The Brighton and Hove food strategy aims to achieve a healthy, sustainable and fair food system for everyone in the city and beyond. Veg invasion coming your way! Posted January 24, Vegetables are the star of a new TV advertising campaign hoping to capture the imagination of year olds and encourage a love of veg.
Google Analytics. Online Training. Our Work. Our People. Hire Us. May 13, Eco Blog. Creative Bloom. The Brighton Waste House Grand Parade This award-winning project started out in involving over students, builders, carpenters and ecologists. Fareshare Sussex 7 Westergate Road Next on our earth-happy hot-spot list is Fareshare, a charitable project run by city gate community projects.
Brighton was the first to adopt a city-wide food strategy and the first to building food growing spaces into new housing developments.

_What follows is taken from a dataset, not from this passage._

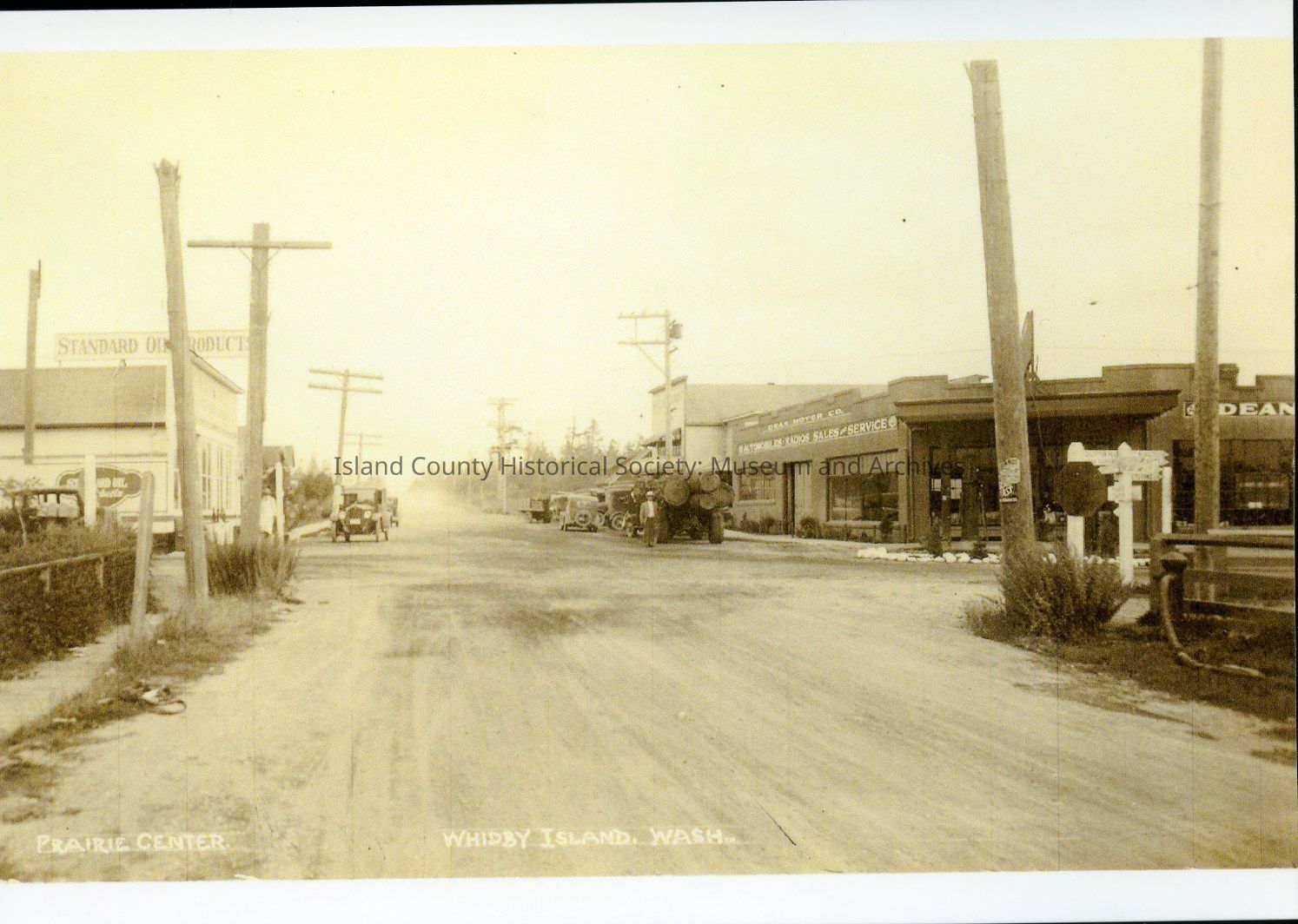 Photograph of "Prairie Center" in Coupeville, c. 1920s. The "Standard Oil Products" storefront can be seen in the far left of the photo; Dean Motor Co. can be seen on the right.Photograph Details

It was also first to require the council to commit to a food sourcing policy that sees schools and care homes buying in sustainable, local, fresh produce.

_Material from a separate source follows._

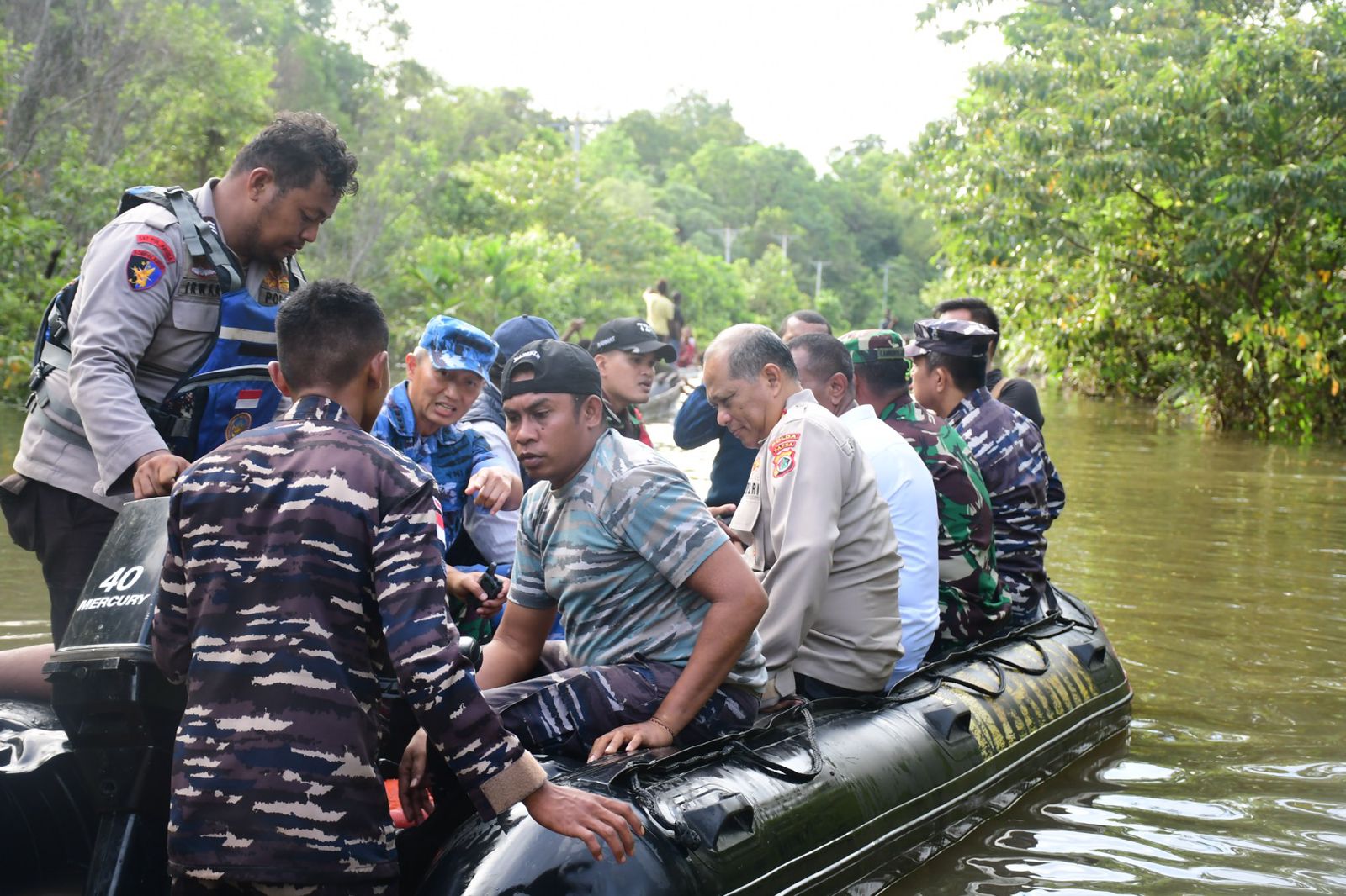 Kegiatan membantu evakuasi dan penyaluran bantuan kepada masyarakat dilaksanakan dengan semua komponen masyarakat, juga mendukung rombongan Pj Gubernur Papua Selatan, Apolo Safanpo, ST., M.T., IPM melaksanakan peninjauan lokasi banjir.

The policy involves the living wage, a ban on single-use plastics, and a focus on local suppliers. Durham, Middlesbrough, Cardiff and Bristol are just some of the cities that now have similar policies.
Other eco-minded cities have similar food webs too. It was set up in and links up groups in sometimes unexpected ways, tailoring people and projects to exactly what locals like, need and want. For example, the Real Junk Food Project, which operates around the country, runs a pay-as-you-feel cafe that pops up regularly in three Brighton sites. That personalised complexity can never really be done even by a local council and certainly not by government. It is still sending out meals a week. It also used its existing connection with schools to deliver food to families with children on free school meals, sometimes cooking and delivering 40 chilled and frozen meals per household.
And while saving supermarket waste is laudable, Iain is helping community food shops that are being set up by locals — which is happening across the country in response to Covid — to find local growers. This allows the shops to survive in the cut-throat world of supermarkets, which are known to squeeze producers on price. And when local growers get paid, more money stays in the local economy, instead of slipping into supermarket profits.